To support The Art Forger, one of its fall lead titles, Algonquin printed 3,000 galleys, which it began distributing at BookExpo America earlier this month. On them it omitted any reference to Shapiro’s first name or her previous books, published between 1993 and 2002: five suspense novels and one nonfiction. Instead, Algonquin used the gathering to whet booksellers’ appetite for a tale of art and forgery interwoven with the real-life 1990 theft of 13 pieces of art worth more than $500 million from the Isabella Stewart Gardner Museum in Boston. The press sent out invitations from the fictional art gallery in the book, Markel G, to view the recovered Degas, which plays a central role in the story. The hoax was so convincing that at least one bookseller communicated her excitement at seeing the impressionist painting unveiled in the Workman booth—not far from a set of eggs about to hatch into baby chicks.

While some may think that the Boston setting could make Forger a regional book, Shapiro’s editor, Amy Gash, has always seen it on a national stage. “It never occurred to me that this was a regional book,” she said. “All books are set somewhere. She captures Boston incredibly well. Boston is a character. You can feel the pulse of the city. I was so completely taken by this book. I felt the voice and characters were so unusual. I loved it, and so far everybody in-house who has read it has loved it.”

For marketing director Craig Popelars, the trick will be using the book’s regional connections as a springboard. “It can be embraced by a region, but it can’t be contained by a region. That’s something we have here,” he said. Although Shapiro lives in Boston and will appear at the New England Independent Booksellers Association’s fall conference, she will also attend fall regionals in Southern California, Mountains and Plains, and the South, and do a 15-city tour.

Shapiro’s background as a sociologist—she taught sociology, criminology, and deviance at Tufts University—prepared her for writing The Art Forger. “When you get a Ph.D. in sociology,” said Shapiro, “they retrain how you think about people in relationship to other people and society.
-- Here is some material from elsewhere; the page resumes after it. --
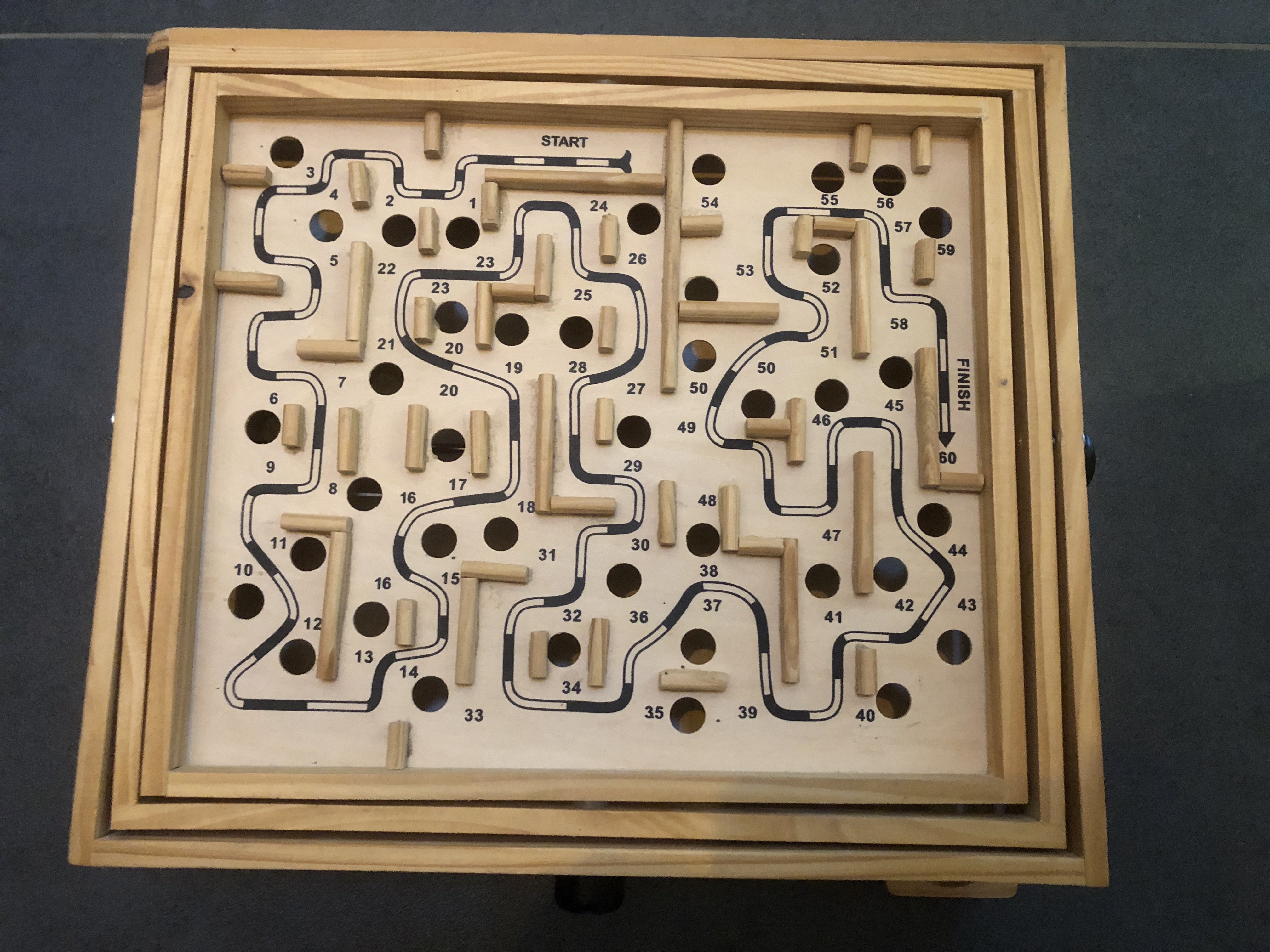 Leid een kleine knikker van de ‘start’ naar de ‘finish’ door het bord (32 x 28 cm) te kantelen met de twee knoppen aan de zijkant.

And that’s really useful for a novelist.” Still, she found it tough to break out of genre writing and move into literary fiction, and for a house to give her a new chance.
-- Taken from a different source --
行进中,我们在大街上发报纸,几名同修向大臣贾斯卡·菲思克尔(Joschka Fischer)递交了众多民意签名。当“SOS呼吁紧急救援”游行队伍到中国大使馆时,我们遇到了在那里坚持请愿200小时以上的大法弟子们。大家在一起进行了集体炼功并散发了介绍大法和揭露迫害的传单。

In the intervening decade since her last novel, she shifted jobs and now teaches creative writing at Northeastern University. She says that she prefers long-form fiction and spends about two to three years on each book (she’s hoping Algonquin will pick up her next one). Over time, her fiction has become more research oriented. But caveat to the reader, the research serves only as an underpinning; even the Boston Globe articles in The Art Forger have been made up.